Он отпил зельтерской, возбужденно побарабанил указательным перстом по столу и вновь принялся за работу, с усильем переводя на русский язык немецкие фразы, изящно слагающиеся в его голове:
"Пажи сии, по приводе их в корпус, посажены будучи под арест в две особые комнаты, признались, что взяли упомянутые деньги и шкатулку, которую изломав, оставили себе только золотую оправу".
Он отвалился на жесткую спинку прямого кресла и проворчал благодушно:
— Barbarische Land. Barbarische Sprache [50]
Девки бойко сновали по коридору с тазами теплой воды. Камердинер Прохор хрипло командовал в зале, которые рамы распечатывать и выставлять.
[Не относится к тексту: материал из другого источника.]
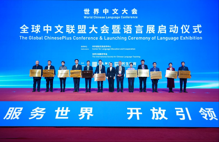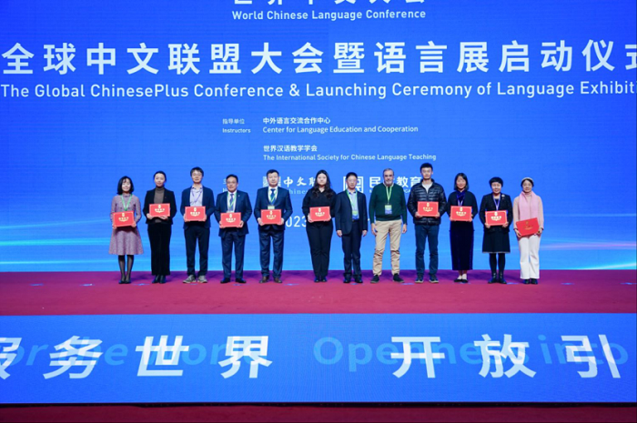 2023年12月7日,2023世界中文大会期间,首届全球中文联盟大会在北京国家会议中心召开。外研社荣获2023年度中文联盟数字化教育金牌合作机构,外研社建设的《跨越丝路》中学汉语课程(阿拉伯语版)荣获“金课”称号。外研社党委副书记、副董事长、总编辑刘捷,外研社中国语言文化出版分社社长鞠慧分别代表外研社接受奖牌和证书。

Зяблик за окном раскатисто трелил, примостясь на старой елке. Маменька остановилась, полюбовалась красноватой, решительно выпяченной грудкой певуна и пошла с нянькой Перфильевной на деревню — врачевать хворых баб.
Он привстал на кровати — непреодолимо потянуло броситься вослед.
Голова закружилась: два месяца горячки обессилили его.
Он поборол прилив слабости и вытащил из-под матраса тетрадку.
"Случай — ничто для сердца равнодушного и невнимательного" — так Вы однажды сказали, дражайшая маменька. Но несчастное происшествие, потрясшее весь состав моей души, навечно запечатлелось в моем сердце. Вы одна способны понять это".
Он отбросил карандаш и прошептал с отвращением:
— Боже, как я пуст! Как омерзительно пуст! — Взял со столика зеркальце, забытое матерью. Настороженно глянули запавшие, обведенные коричневыми кругами глаза. Но губы были румяны и упруги, как у здорового.
— Какое порочное лицо, — прошептал он с мстительным удовлетвореньем. — Какое бесстыдно лживое…
Он в изнеможенье упал, на подушки. И снова с упорным сладострастьем растравляя в себе чувство ужаса и стыда, погрузился в размышления о темном своем прошлом, о пустоте своего грядущего. Он находил в этом самоистязании странную отраду, успокоенье даже.
"Я страдаю, страдаю. И поделом! Поделом вору мука! О, жестокий рок — казни, казни меня! Пусть душа моя погаснет от горя и общего презрения, пусть я исчахну, умру, оплакиваемый доброй маменькой, братьями, невинною крошкой Софи… Как знать? — может быть, и кузина прольет слезу при известии о кончине моей… Нет: все изменяет на этой изменчивой земле! Приклонский — боже мой, Приклонский!"
Дни, проведенные в ожидании высочайшей воли, были самыми ужасными в его жизни.